The logic at the base of Sex Working should be very simple: you just offer something for the arousal of others to be part of the business. In reality, it’s not quite like that. To be considered an actual member of Sex Working, one must satisfy three fundamental requirements:
Point one: there must be consent. The act must be agreed upon between consenting adults. This is perhaps the fundamental condition, because it distinguishes sex work from human trafficking or exploitation, which are crimes punishable by several years in prison.
Point two: there must be an economic exchange. This means there must be one or more people offering their time, or even their own body, to arouse someone, and that someone must pay an agreed-upon sum. In any form or entity, there must be a specific value for that performance. If there is no such exchange, it is just sex, but not sex working.
Point three is not necessary, but it is a plus: an agency. In sex working, one can work alone (such as OnlyFans, Fansly, or all the "Hubs" or "tubes" that exist), or one can be under an exclusive contract with production houses (like Brazzers), or be under a specific agency that negotiates payments and contracts for you.
If these three requirements are present, then you are a sex worker; otherwise, it is just personal pleasure.
When did the story of "Sex Working" begin?

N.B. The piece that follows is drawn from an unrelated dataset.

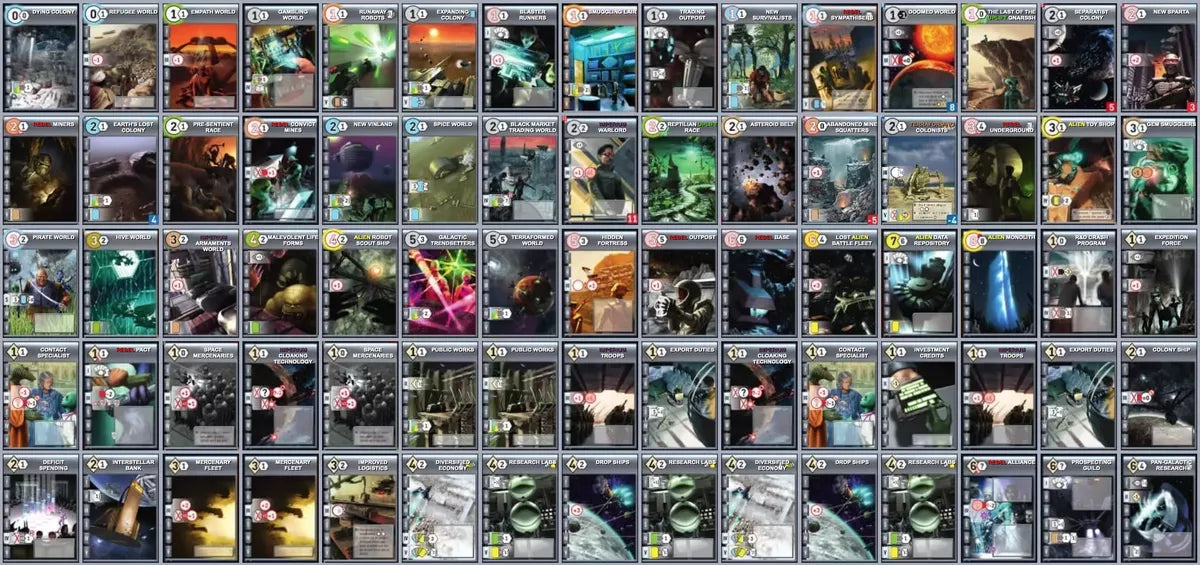 The second edition of the game is improved for CVD (color blindness) and includes 5 revised cards from the original version and 6 New Worlds promo homeworlds. The promo homeworlds and first edition compatible Revised Cards are both available for purchase through the BGG store.

The oldest profession in the world.
The sex business, as the cliché circulating through humanity goes, is one of the oldest in the world, both in its free form and in its form of slavery and exploitation. For centuries, due to bigoted morality centered on honor, sex working was something used massively—because people were breeding like rabbits—but everything had to stay away from the eyes of an innocently-fronted society. A glaring example is during the Middle Ages, a period steeped in Catholic religion, where women who used their bodies for money were forced to live and offer such services marginalized from society. In short, "out of sight, out of mind." And yes, sex working existed even during a period when the Catholic Church preached sex as a mere means of reproduction. The funny thing is that the Church killed mentally free women but spared women who went against Catholic morality.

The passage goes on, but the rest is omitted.